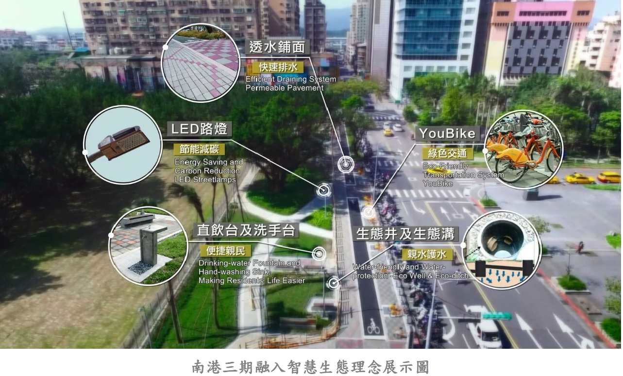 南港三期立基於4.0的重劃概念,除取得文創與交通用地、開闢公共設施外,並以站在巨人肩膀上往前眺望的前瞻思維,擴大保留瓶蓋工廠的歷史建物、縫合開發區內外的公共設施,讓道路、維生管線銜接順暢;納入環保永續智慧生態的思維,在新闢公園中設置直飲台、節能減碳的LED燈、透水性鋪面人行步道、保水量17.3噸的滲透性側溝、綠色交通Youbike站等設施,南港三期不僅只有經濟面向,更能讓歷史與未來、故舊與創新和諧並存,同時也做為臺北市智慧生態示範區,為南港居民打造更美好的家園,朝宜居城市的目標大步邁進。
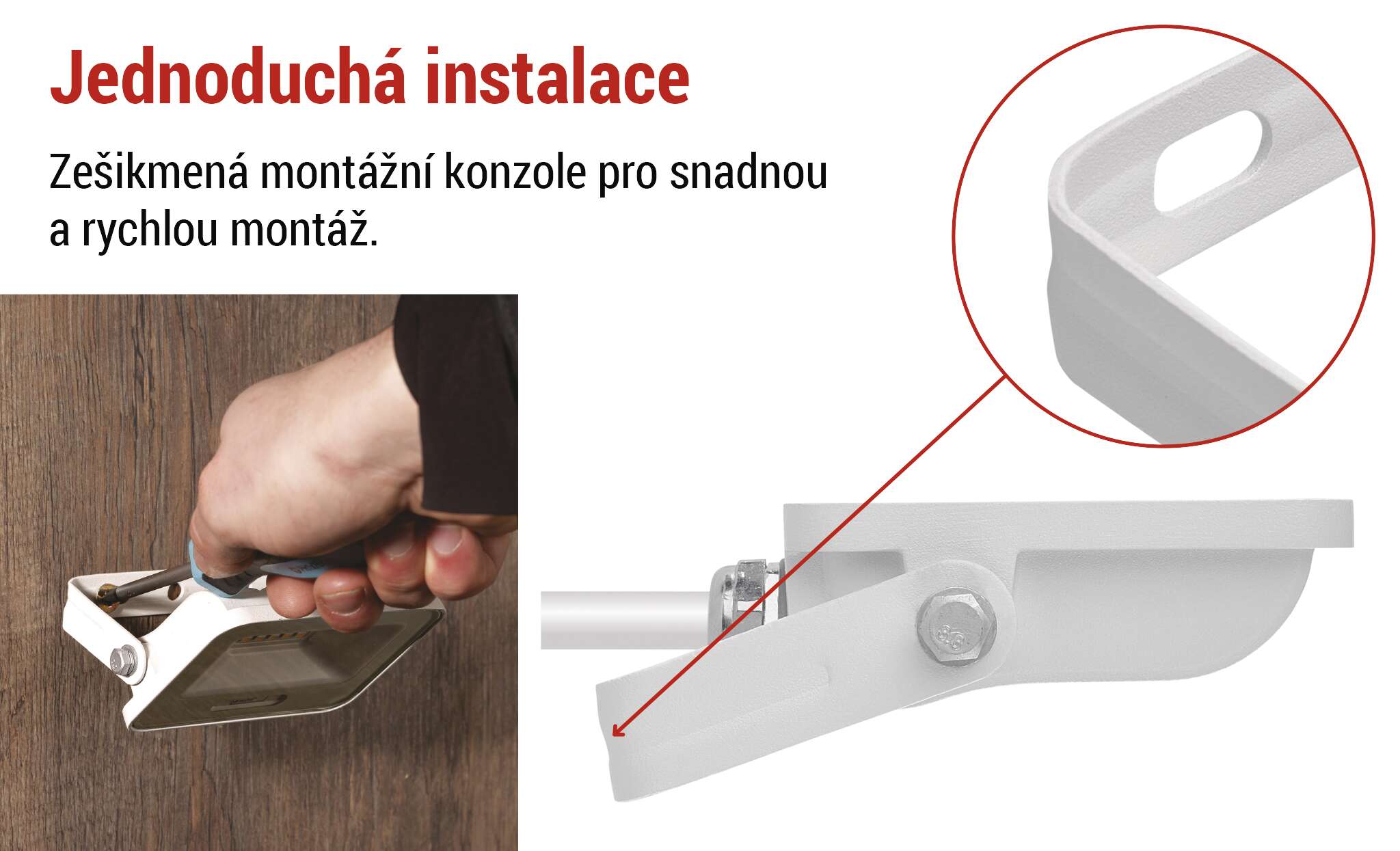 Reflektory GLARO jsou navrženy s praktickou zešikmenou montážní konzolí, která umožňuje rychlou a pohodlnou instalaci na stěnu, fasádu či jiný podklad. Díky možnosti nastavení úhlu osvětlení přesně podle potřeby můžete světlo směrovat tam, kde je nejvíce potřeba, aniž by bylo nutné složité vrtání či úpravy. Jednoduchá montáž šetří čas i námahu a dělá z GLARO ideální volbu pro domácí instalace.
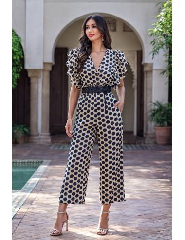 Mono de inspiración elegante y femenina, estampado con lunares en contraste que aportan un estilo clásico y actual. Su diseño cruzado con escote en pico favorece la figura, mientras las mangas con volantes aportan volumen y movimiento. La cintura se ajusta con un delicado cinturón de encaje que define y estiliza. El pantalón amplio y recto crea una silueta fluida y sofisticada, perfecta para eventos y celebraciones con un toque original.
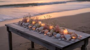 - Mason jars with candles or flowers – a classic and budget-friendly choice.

Exercise. Return the full set of lines above word for word and with no pictures.

Answer to the problem.
 南港三期立基於4.0的重劃概念,除取得文創與交通用地、開闢公共設施外,並以站在巨人肩膀上往前眺望的前瞻思維,擴大保留瓶蓋工廠的歷史建物、縫合開發區內外的公共設施,讓道路、維生管線銜接順暢;納入環保永續智慧生態的思維,在新闢公園中設置直飲台、節能減碳的LED燈、透水性鋪面人行步道、保水量17.3噸的滲透性側溝、綠色交通Youbike站等設施,南港三期不僅只有經濟面向,更能讓歷史與未來、故舊與創新和諧並存,同時也做為臺北市智慧生態示範區,為南港居民打造更美好的家園,朝宜居城市的目標大步邁進。
 Reflektory GLARO jsou navrženy s praktickou zešikmenou montážní konzolí, která umožňuje rychlou a pohodlnou instalaci na stěnu, fasádu či jiný podklad. Díky možnosti nastavení úhlu osvětlení přesně podle potřeby můžete světlo směrovat tam, kde je nejvíce potřeba, aniž by bylo nutné složité vrtání či úpravy. Jednoduchá montáž šetří čas i námahu a dělá z GLARO ideální volbu pro domácí instalace.
 Mono de inspiración elegante y femenina, estampado con lunares en contraste que aportan un estilo clásico y actual. Su diseño cruzado con escote en pico favorece la figura, mientras las mangas con volantes aportan volumen y movimiento. La cintura se ajusta con un delicado cinturón de encaje que define y estiliza. El pantalón amplio y recto crea una silueta fluida y sofisticada, perfecta para eventos y celebraciones con un toque original.
 - Mason jars with candles or flowers – a classic and budget-friendly choice.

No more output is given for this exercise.